Reference counting makes pointer manipulation very costly because every referencing/de-referencing results in book keeping to happen. One common approach to work around this, is to figure out what are the reference counting that can be safely deferred to be handled later.

For a lot of systems most references are taken in function local variables which takes references as the function is called and releases them as the function returns. Even inside functions iterators can walk over data structures like lists. Refcounting these can be very costly. These reference needn’t be explicitly counted right away as they  on the stack and can be accessed later.

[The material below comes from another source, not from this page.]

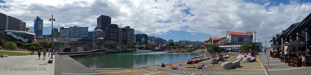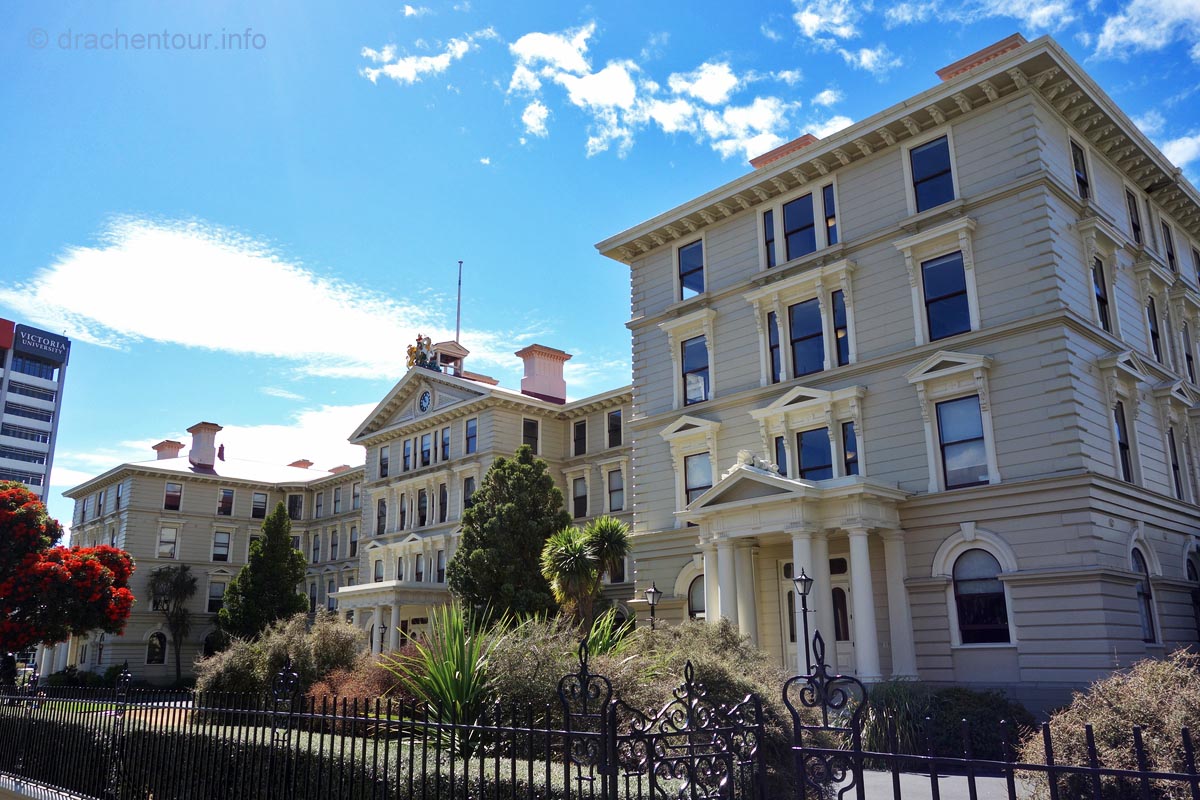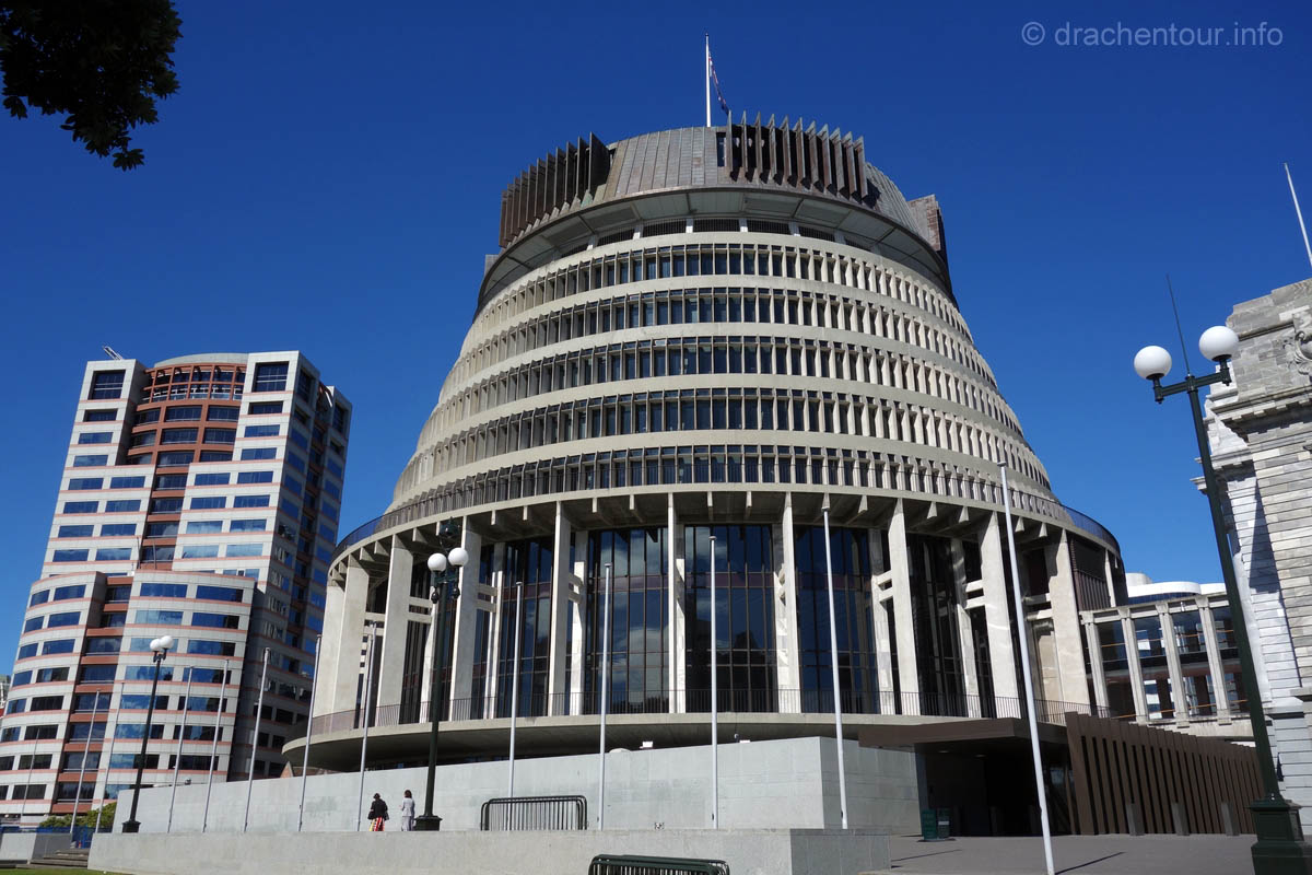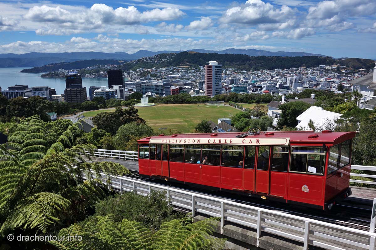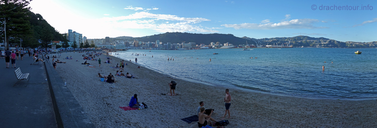Nach so viel Natur auf der Südhalbinsel waren wir heute geradezu verrückt auf das Stadtleben und Shopping. So machten wir uns gleich nach dem Frühstück in die City auf um sie kennen zu lernen und zu erobern. Erster Programmpunkt war das Abklappern der Sehenswürdigkeiten, d.h. wir spazierten zum Regierungsviertel und besichtigten die architektonisch interessanten Gebäude ( als kleine Anregung zum Studium, gell Seli :-) ). Besonders hervorzuheben sind das ältere neuseeländische Parlamentsgebäude und das Regierungsgebäude, das auch als Bienenstock bezeichnet wird, in dem der Prime Minister und die Minister des Kabinetts ihre Büros haben. Das „ Old Government Building “ war unsere zweite Sehenswürdigkeit, das Gebäude sieht aus, als wenn es aus Stein erbaut worden wäre, erst bei einem Klopfen an der Fassade konnten wir bestätigen, dass das gesamte Gebäude aus Holz erschaffen wurde. Es ist das größte Holzgebäude der Südhalbkugel, faszinierend ! Nummer drei und vier waren die Kirchen, die Saint Paul Church und die Old Saint Paul Church. Als Abschluss der Stadtbesichtigung liefen wir durch die Lambton Quay, die belebteste Straße der Stadt bis zur historischen Wellington Cable Car. Mit diesem Relikt aus der Vergangenheit mussten wir natürlich fahren, so lösten wir uns rasch ein Ticket und ab ging´s den kleinen Hügel Mount Victoria hoch, von wo wir eine schöne Aussicht auf die Stadt hatten. Wieder zurück zur City liefen wir durch den super angelegten Botanischen Garten und damit war das Kulturprogramm fast beendet und wir stürzten uns zunächst, jeder für sich, ins Shopping-Vergnügen mit einem integrierten Bummel durch die gemütlichen kleinen Straßen, wie zum Beispiel der Kuba Street. Gegen später trafen wir uns an der Oriental Bay am Hafen wieder um gemeinsam das Te Papa Museum, das Nationalmuseum von Neuseeland, zu besuchen. Dort bekamen wir einen guten Überblick über die Tierwelt Neuseelands und auch ihre "gefährliche" geographische Lage an der Grenze von zwei tektonischen Platte, es gilt als einer der weltweit besten interaktiven Museen, dem stimmen wir doch gerne zu. Anschließend erholten wir uns wieder in einer der netten Kneipen an der angesagten Oriental Bay, bevor wir an der Uferpromenade weiter entlang spazierten. Die Stadt raubte uns die Energie und schließlich waren wir ja auch den ganzen Tag auf den Beinen ( es war mittlerweile 9 Uhr abends ), so fuhren wir erledigt mit dem Bus zu unserem Campingplatz, kochten noch schnell etwas und ab ging´s ins " Juicy-Bettle ".

However, for global variables and even class member variables assignments the reference count is updated.When on de-referencing an object the refcount goes to 0 it cannot be reclaimed because there can be some stack variable references to it (which was not counted). To handle this the object is placed on a special list which contains all objects whose ref count has hit 0 (e.g. ZeroRefCountList).

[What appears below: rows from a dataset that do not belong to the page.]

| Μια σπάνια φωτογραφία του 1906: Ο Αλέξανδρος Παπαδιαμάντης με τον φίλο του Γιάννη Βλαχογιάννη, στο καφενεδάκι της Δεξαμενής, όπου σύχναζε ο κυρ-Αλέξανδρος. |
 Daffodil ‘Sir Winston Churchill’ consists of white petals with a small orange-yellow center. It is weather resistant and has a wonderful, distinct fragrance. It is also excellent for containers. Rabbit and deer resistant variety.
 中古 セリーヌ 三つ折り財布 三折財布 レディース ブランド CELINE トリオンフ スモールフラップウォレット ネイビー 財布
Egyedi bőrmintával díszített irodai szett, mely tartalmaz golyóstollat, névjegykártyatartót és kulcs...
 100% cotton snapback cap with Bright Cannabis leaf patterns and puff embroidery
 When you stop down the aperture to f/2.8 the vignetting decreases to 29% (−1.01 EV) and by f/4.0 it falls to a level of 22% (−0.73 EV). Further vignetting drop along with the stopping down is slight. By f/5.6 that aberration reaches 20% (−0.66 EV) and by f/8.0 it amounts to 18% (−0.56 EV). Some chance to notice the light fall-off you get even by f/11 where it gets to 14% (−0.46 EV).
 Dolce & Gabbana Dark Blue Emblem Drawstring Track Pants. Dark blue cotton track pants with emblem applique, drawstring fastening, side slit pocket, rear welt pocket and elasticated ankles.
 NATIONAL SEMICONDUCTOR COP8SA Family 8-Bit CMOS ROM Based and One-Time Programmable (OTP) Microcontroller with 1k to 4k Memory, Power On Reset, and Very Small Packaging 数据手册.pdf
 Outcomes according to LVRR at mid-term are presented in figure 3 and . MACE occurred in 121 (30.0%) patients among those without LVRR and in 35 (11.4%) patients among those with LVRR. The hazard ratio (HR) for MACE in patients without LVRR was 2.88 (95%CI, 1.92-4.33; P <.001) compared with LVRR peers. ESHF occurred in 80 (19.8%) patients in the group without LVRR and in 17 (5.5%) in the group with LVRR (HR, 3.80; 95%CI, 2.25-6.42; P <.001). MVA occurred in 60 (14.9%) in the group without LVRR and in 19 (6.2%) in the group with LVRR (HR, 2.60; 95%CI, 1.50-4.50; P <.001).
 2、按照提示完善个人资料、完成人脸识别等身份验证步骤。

With this mode the execution can proceed as usual and every so often a special routine is fired which walks all the active thread’s call stack to locate the stack variable and then update object ref count as follows

void UpdateRefCount()
{
// Stack object references are not refcounted and so bump up their
// refcount for all their occurrences

foreach (object obj in stack)
RefCountIncrement(obj)

// At this point the ZeroRefCountList objects are updated to
// their latest ref count values. So 0 means really 0 refcount
// and hence free them recursively

foreach (object obj in ZeroRefCountList)
{
if(refCount(obj) == 0)
{
foreach(Object child in obj.GetChildren)
RecursiveDelete(child);
free(obj);
}
}

// reset the refcount to get it back to the state
// where it was before calling UpdateRefCount

foreach (object obj in stack)
RefCountDecrement(obj);
}

The above routine is a condensed version of mark and sweep with the differences that it needn’t walk the entire memory and is not performance intensive.


Reduce space overhead


In the worst case every pointer in the system can point to a the same object and hence the refCount field is typically pointer sized so that it can store all the reference’s count. However, in reality this is seldom the case and being so conservative might result in a lot of space overhead per object. Say for a 32 bit system it means storing a 32 bit value for every object. For small sized objects that can mean upto 50% overhead.


To handle this a conservative estimate can be made to the maximum number of reference that an object can have. Let’s assume it to be 256. This needs a refcount field of 8 bits (1 byte) and that is stored in the object header. Post this the refcount is made as follows

void RefCountIncrement(Object obj)
{
if(obj.refCount < 256)
++obj.refCount;
}

void RefCountDecrement(Object obj)
{
if(obj.refCount < 256)
--obj.refCount;
}


The above algorithm allows correct refcounting for all objects whose refcount never goes upto 256. The moment it does it’s refcount sticks to 256 and is never incremented or decremented. Typically these objects are fairly smaller in number but if they exist they are not reclaimed (sticks to the system). Once such accumulations of these happen in significant number (which will take a lot of time) a backup tracing GC is run to sweep the memory of these objects.


Why use backup mark-sweep GC as backup?


A bunch of the solutions mentioned above use mark-sweep GC as a solution. The question is if they are to be used then why not completely switch to mark-sweep and dump refcounting. The main reason is that refcounting act an an optimization for mark-sweep GC reducing system pauses (remember they typically halt execution completely) introduced by them and making them run less often.